Command-line utilities like lsof, ps, and netstat may be basic, but they are surprisingly powerful. Many of us still love them and use them regularly. For those that aren’t familiar: * ps: displays the currently-running processes * netstat: displays network connections, routing tables, and other network statistics * lsof: lists open file descriptors and the processes that opened them
Wouldn’t it be cool if these tools had Wireshark-like filtering capabilities and the ability to run on any given point in time, past or present – for example when an error happens or when a process exits? In this post I’d like to show you how to accomplish exactly that – using sysdig of course! I’m dividing up the post into two parts:
A bit of easy theory to explain how lsof works (and other tools like ps and netstat), and how sysdig compares to them.

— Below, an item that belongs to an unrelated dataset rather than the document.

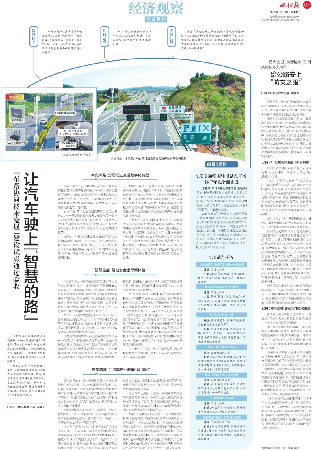 历经近5年攻坚,四川在技术、产品、标准等方面实现多重突破。成都绕城高速、成都第二绕城高速及成宜高速公路打造了340公里示范线,实现事故“秒级发现、分钟级处置”;成都绕城高速“智慧眼”平台通过85公里全息感知覆盖,联动导航平台实现精准预警;成宜高速公路的数字孪生技术则为交通数字化转型树立标杆……交通运输部验收组认为,试点有效提升安全保障能力和通行效率,为公路基础设施数字化转型升级奠定了基础。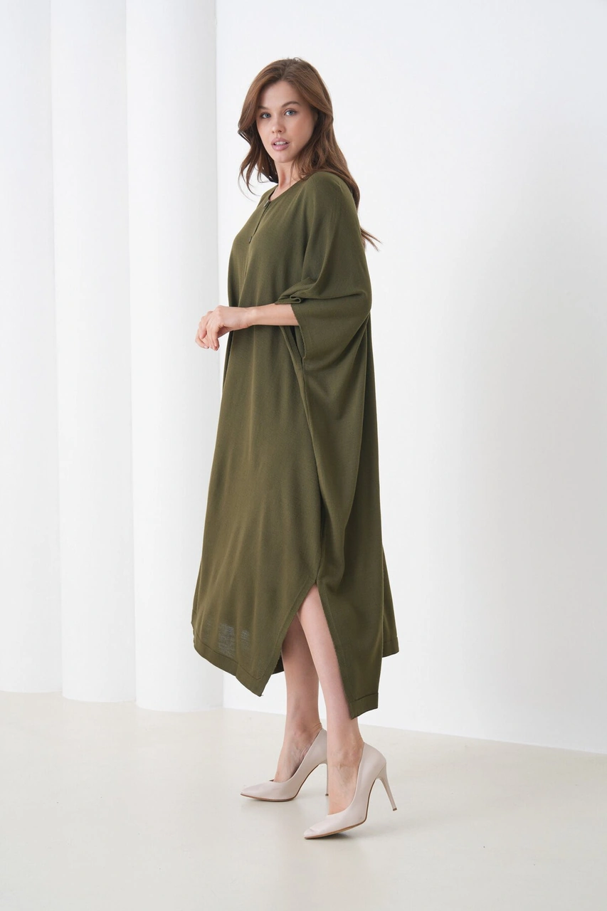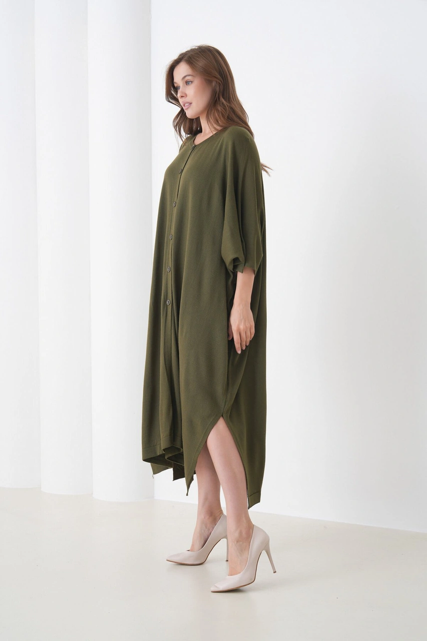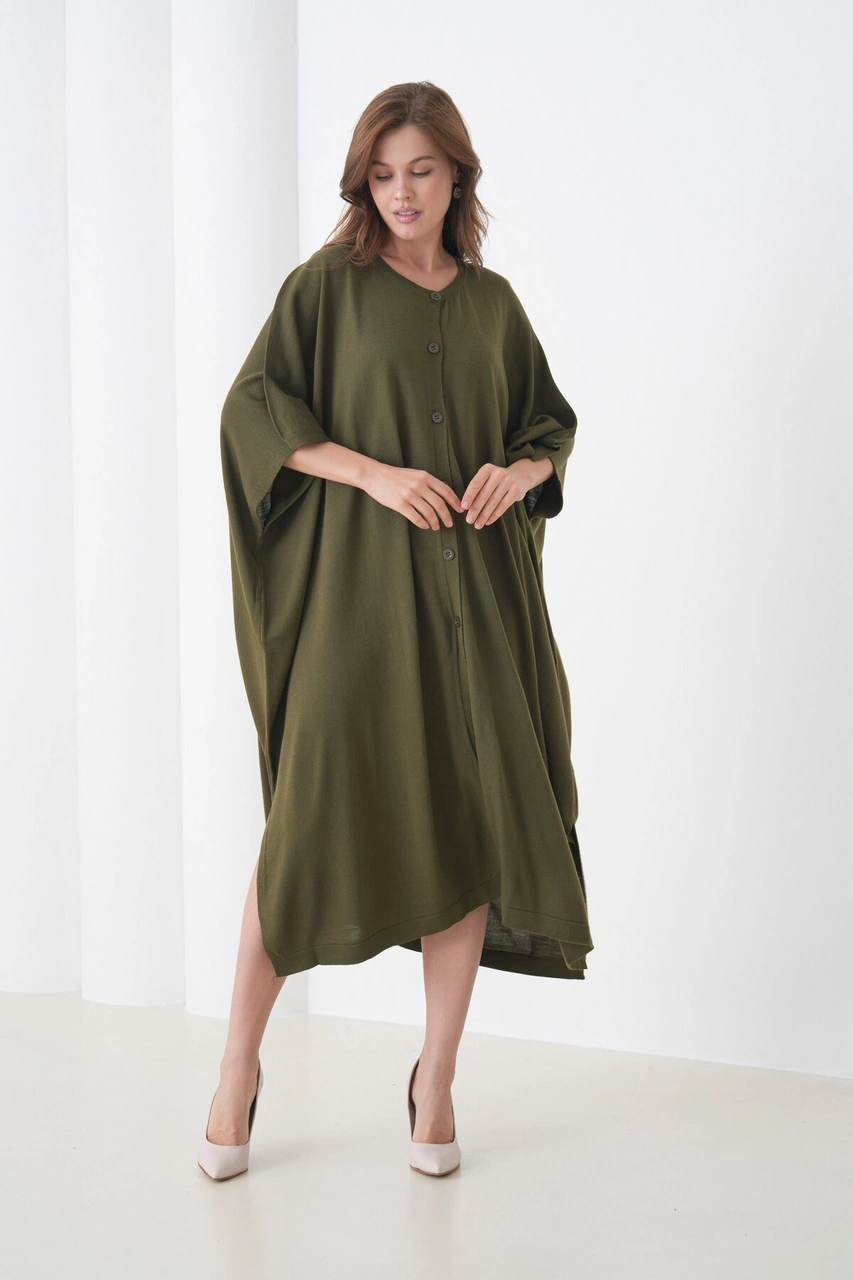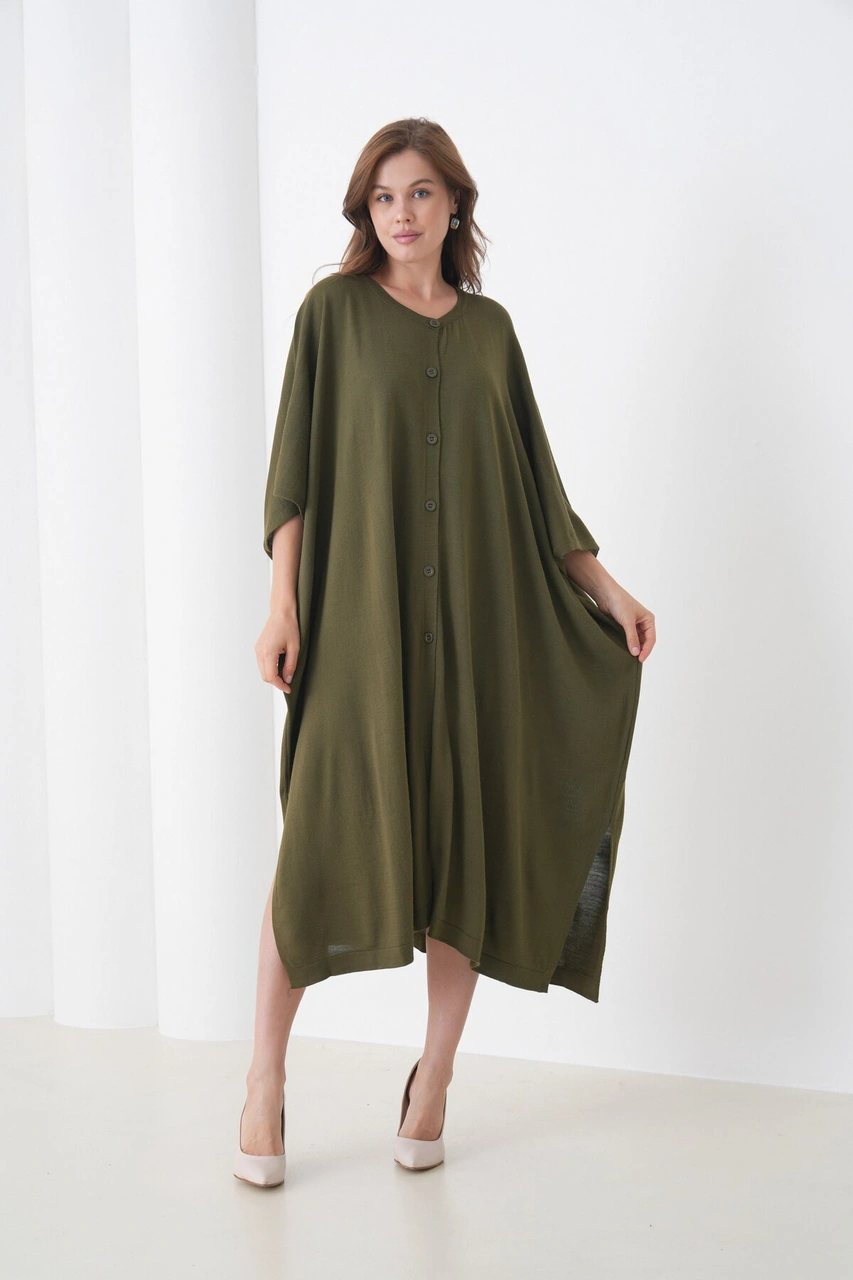 Kadın Tesettüre Uygun Önden Düğmeli Asimetrik Kesim Yarasa Kol Şık Geniş Kalıp Panço Ceket Haki

A set of practical use cases that will teach you how to leverage filters and sysdig’s back in time functionality to troubleshoot issues or detect leaks like a pro.
If you are not interested in theory, feel free to skip the first part and jump to the section named “lsof + filters”.
lsof and the /proc file system
lsof does something that in principle is quite simple: it lists the open file descriptors for a machine or for a process.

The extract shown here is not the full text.